> **EXERCISE AIM**: Lines from the one containing "A la recherche" through the end of the listing are what is wanted, given again exactly with both ends included and pictures left out.
________________
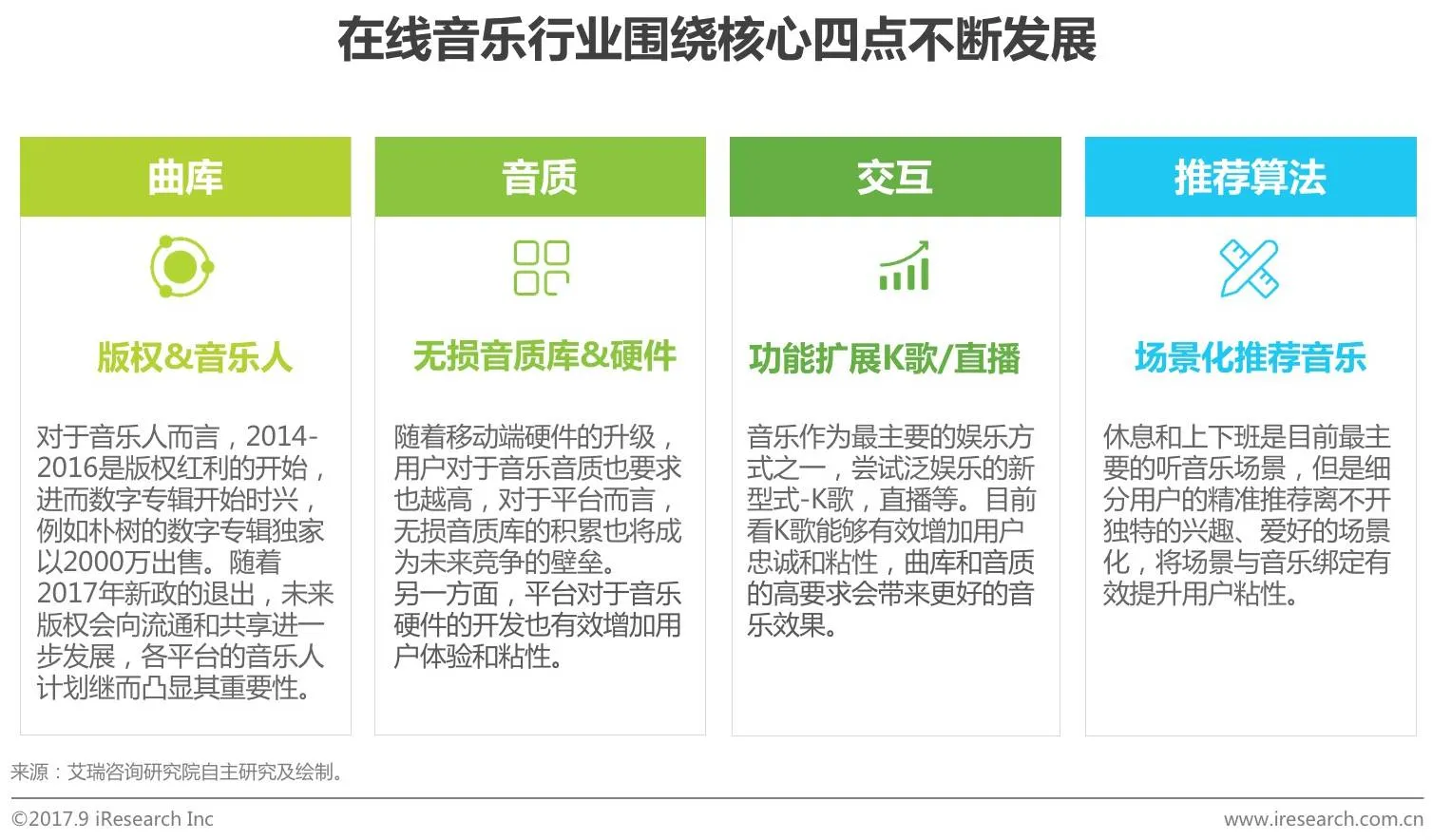 曲库、音质、交互和推荐算法是在线音乐的核心
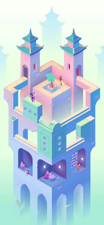 纪念碑谷3延续了纪念碑谷这一系列极简主义艺术风格和地图设计,同时达到了新的高度。受世界各地建筑风格、实验艺术家风格和个人经验的启发,将各种元素浓缩成独特的视觉错觉形象。开始游戏时,你会立刻沉浸在它所展示的视觉世界中。
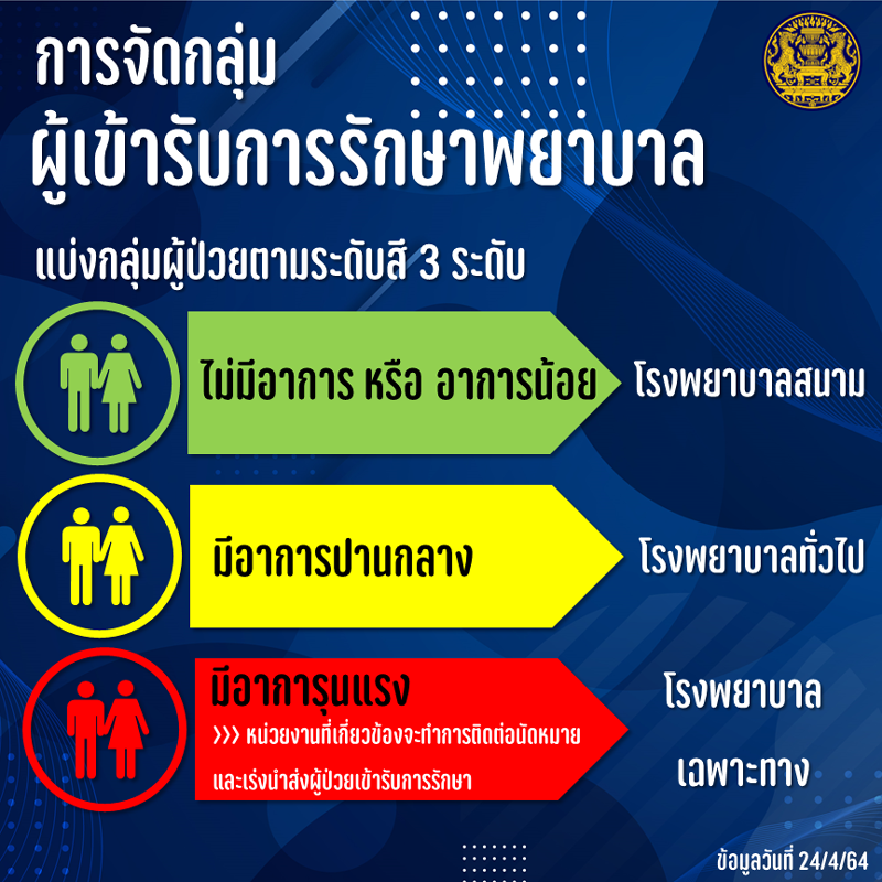 - ระดับสีเขียว (ผู้ป่วยไม่มีอาการหรืออาการน้อย) จัดให้เข้าโรงพยาบาลสนาม
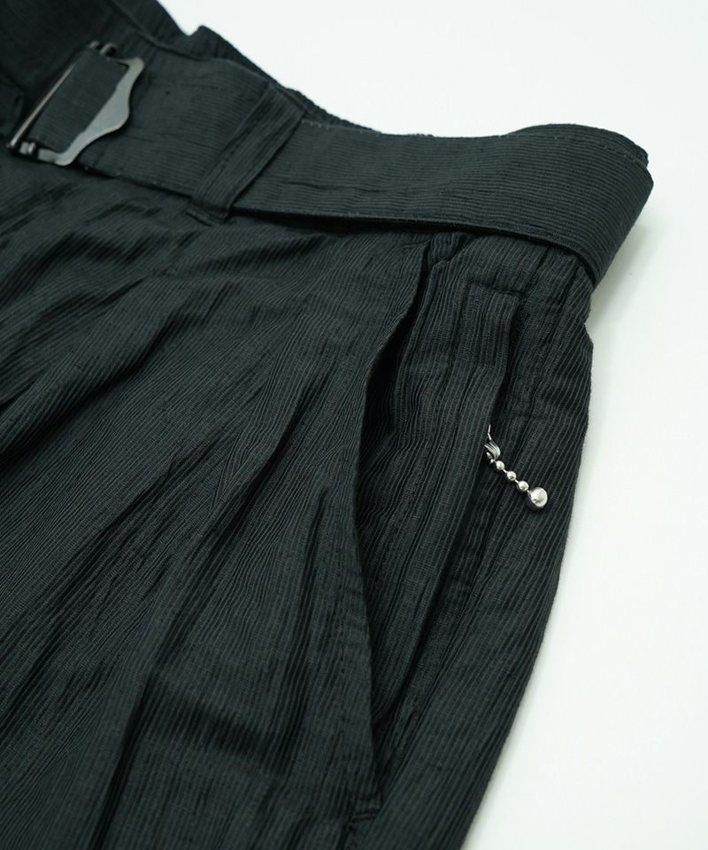 ゆったりとしたリラックス感のある穿き心地ながら、タックとベルト使いでフォーマル感もプラス。
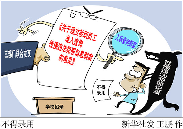 新華社北京9月18日電(記者陳菲)為加強(qiáng)對性侵未成年人犯罪的源頭預(yù)防,最高檢、教育部、公安部近期聯(lián)合發(fā)文,要求在全國建立入職查詢制度,對具有性侵違法犯罪記錄的人員,中小學(xué)校、幼兒園不得錄用,教師認(rèn)定機(jī)構(gòu)不得認(rèn)定教師資格。
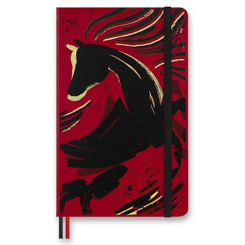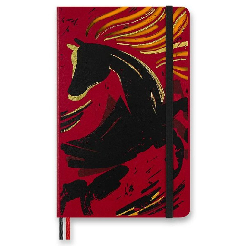 Moleskine Horse Wood sada zápisníku a 4 tužek - zápisník velikosti A5 a čtyři grafitové tužky Blackwing tvoří limitovanou edici inspirovanou rokem Ohnivého koně, která podporuje kreativní myšlení a zachycení nápadů kdykoliv během dne. Zápisník má pevnou šitou vazbu v tvrdých deskách z ikonického materiálu Epalon, který je známý svou odolností a příjemným povrchem. Reliéfní motiv koně zdůrazňuje pohyb a dynamiku. Speciální inkoust reagující na teplo dočasně mění barvu při teplotě nad 35 °C, čímž vytváří efekt inspirovaný živlem ohně. Slonovinový papír s gramáží 100 g/m² je vyroben z FSC certifikovaného dřeva, papír je příjemný pro psaní a dobře pracuje s inkoustem i grafitem, takže poznámky zůstávají přehledné a čisté. Rozměry zápisníku L - A5 (13 x 21 cm), obsahuje 88 linkovaných listů. Zápisník je v anglickém jazyce. Uvnitř najdete kapsu na vizitky a drobnosti z tkaniny a kartonu, dvojitou textilní záložku, 2 tematické obálky, arch samolepek a papírovou záložkou. Součástí sady jsou také čtyři grafitové tužky Blackwing s japonským grafitovým jádrem a gumou, které jsou známé svou hladkou stopou a přesným psaním. Celek je uložen v kartonovém dárkovém boxu a vznikl jako sběratelská edice značky Moleskine.
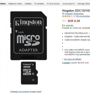 A la recherche de carte mémoire sd ou micro sd rapide pour votre camescope , appareil photo, tablette, smartphone ? Très bon prix sur amazon de la part d’un vendeur tiers, pour une carte mémoire micro sd de 16go de la marque kingston : 8.54 8.13 euros livraison incluse .. Une carte classe 10 donc rapide ..
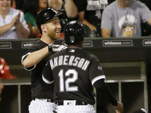 Chicago White Sox's Todd Frazier, left, greets Tim Anderson outside the dugout after Anderson scored on a single by Jose Abreu during the third inning of an interleague baseball game against the Philadelphia Phillies on Tuesday, Aug. 23, 2016, in Chicago. (AP Photo/Charles Rex Arbogast) The Associated Press
________________
> **RESULT FOR THIS EXERCISE**:
 A la recherche de carte mémoire sd ou micro sd rapide pour votre camescope , appareil photo, tablette, smartphone ? Très bon prix sur amazon de la part d’un vendeur tiers, pour une carte mémoire micro sd de 16go de la marque kingston : 8.54 8.13 euros livraison incluse .. Une carte classe 10 donc rapide ..
 Chicago White Sox's Todd Frazier, left, greets Tim Anderson outside the dugout after Anderson scored on a single by Jose Abreu during the third inning of an interleague baseball game against the Philadelphia Phillies on Tuesday, Aug. 23, 2016, in Chicago. (AP Photo/Charles Rex Arbogast) The Associated Press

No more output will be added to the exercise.